▶ **WORK INSTRUCTIONS**:
Starting at the line that contains "A cult-favorite for" and stopping at the line that contains "男性向けラノベタイトル風あだ名 | 『おりとわたるに滅ぼされるだけの簡単なお仕事です』 |", transcribe every line of the material below exactly; pictures stay out.

▶ **SOURCE MATERIAL**:
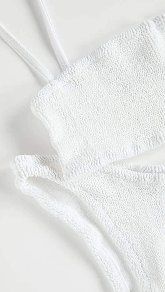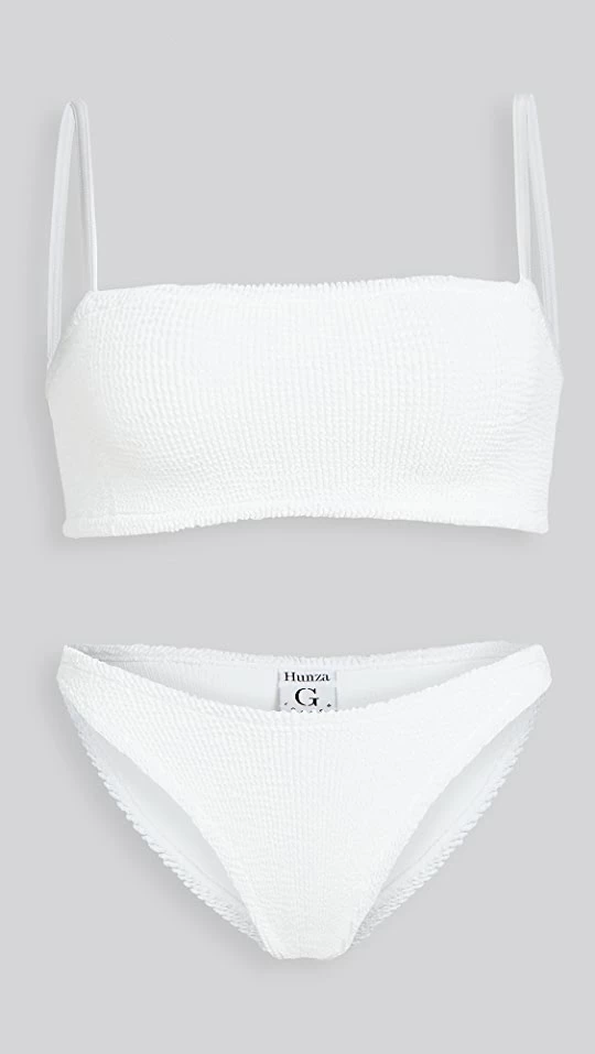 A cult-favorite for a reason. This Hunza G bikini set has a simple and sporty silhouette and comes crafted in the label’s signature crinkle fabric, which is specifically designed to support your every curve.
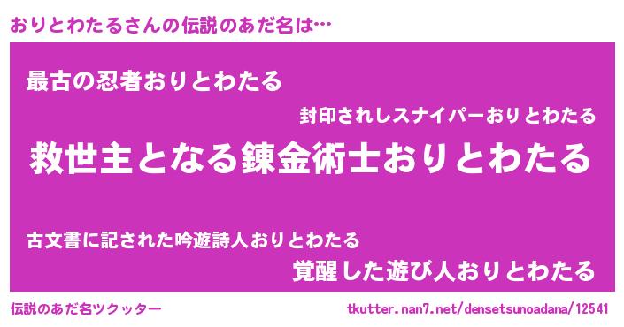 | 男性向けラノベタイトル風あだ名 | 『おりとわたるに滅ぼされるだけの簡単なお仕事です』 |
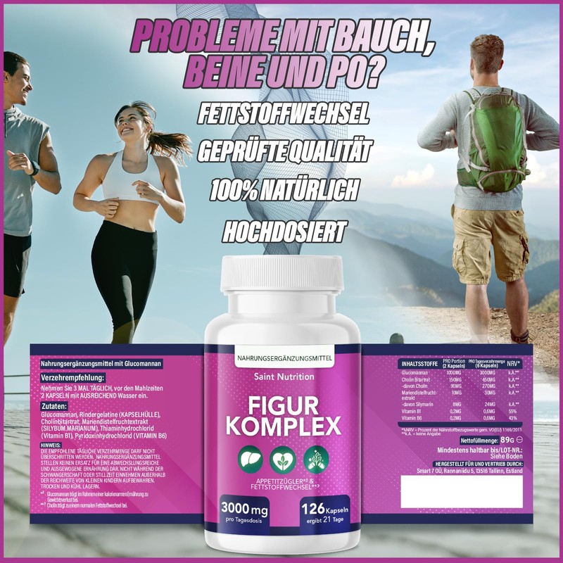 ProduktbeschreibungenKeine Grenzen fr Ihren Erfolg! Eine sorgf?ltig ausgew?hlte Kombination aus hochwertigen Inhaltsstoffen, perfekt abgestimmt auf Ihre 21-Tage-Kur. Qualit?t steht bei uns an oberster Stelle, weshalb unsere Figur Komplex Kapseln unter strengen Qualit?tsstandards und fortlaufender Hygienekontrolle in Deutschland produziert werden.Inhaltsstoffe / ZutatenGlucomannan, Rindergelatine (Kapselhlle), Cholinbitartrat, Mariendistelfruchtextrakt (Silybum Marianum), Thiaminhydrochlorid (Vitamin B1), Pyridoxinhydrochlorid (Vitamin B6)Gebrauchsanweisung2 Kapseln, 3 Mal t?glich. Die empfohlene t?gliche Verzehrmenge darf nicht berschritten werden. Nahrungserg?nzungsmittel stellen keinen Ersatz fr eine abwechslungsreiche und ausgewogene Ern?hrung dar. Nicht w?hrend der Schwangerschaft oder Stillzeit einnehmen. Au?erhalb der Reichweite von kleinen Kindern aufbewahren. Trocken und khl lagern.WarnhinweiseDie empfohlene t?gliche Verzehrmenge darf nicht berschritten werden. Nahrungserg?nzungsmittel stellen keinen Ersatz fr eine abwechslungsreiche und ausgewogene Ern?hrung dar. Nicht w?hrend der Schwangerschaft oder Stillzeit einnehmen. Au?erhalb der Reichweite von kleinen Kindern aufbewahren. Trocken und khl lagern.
--
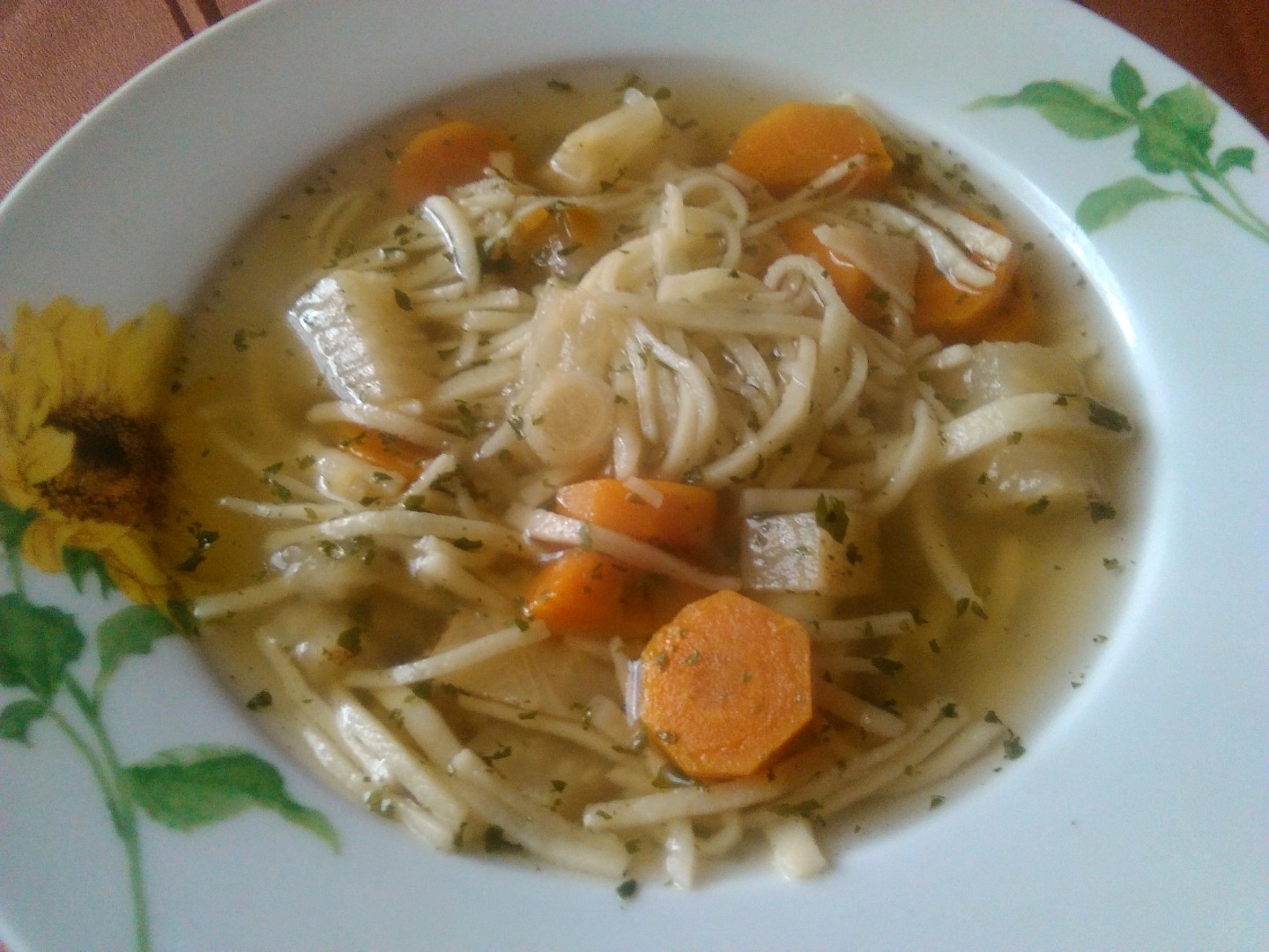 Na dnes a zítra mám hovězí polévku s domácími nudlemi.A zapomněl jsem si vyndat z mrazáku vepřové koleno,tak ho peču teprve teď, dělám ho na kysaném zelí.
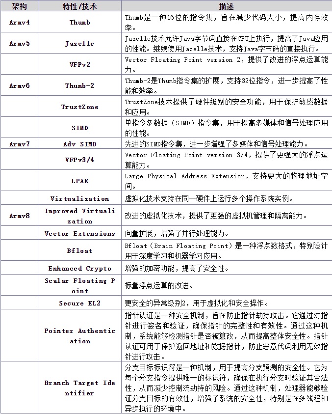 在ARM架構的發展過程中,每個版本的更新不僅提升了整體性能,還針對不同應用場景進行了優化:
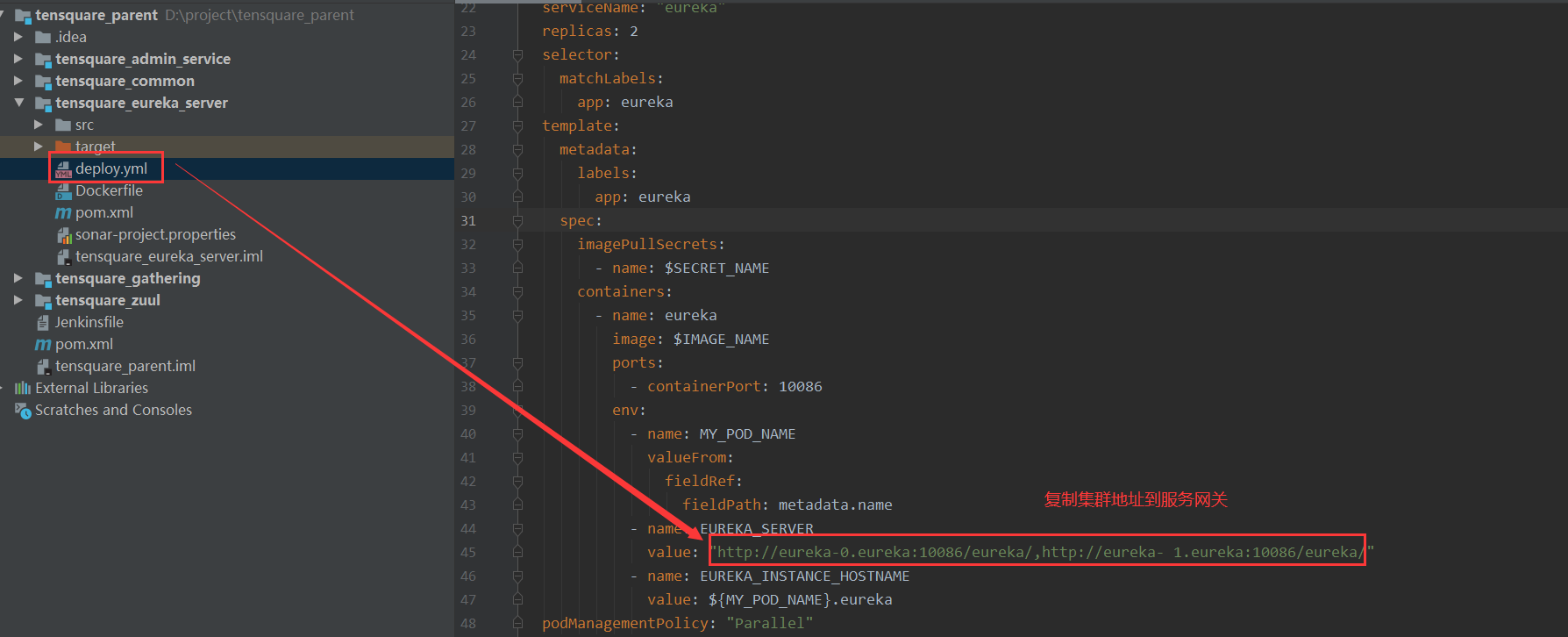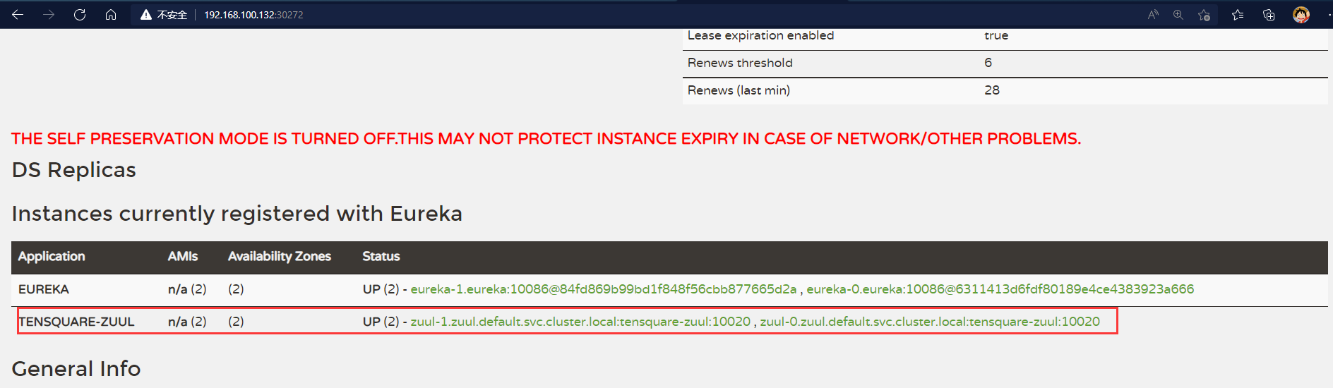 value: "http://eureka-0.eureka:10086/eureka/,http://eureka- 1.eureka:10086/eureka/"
...
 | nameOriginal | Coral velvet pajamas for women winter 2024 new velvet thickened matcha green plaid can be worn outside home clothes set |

▶ **WRITTEN ANSWER**:
 A cult-favorite for a reason. This Hunza G bikini set has a simple and sporty silhouette and comes crafted in the label’s signature crinkle fabric, which is specifically designed to support your every curve.
 | 男性向けラノベタイトル風あだ名 | 『おりとわたるに滅ぼされるだけの簡単なお仕事です』 |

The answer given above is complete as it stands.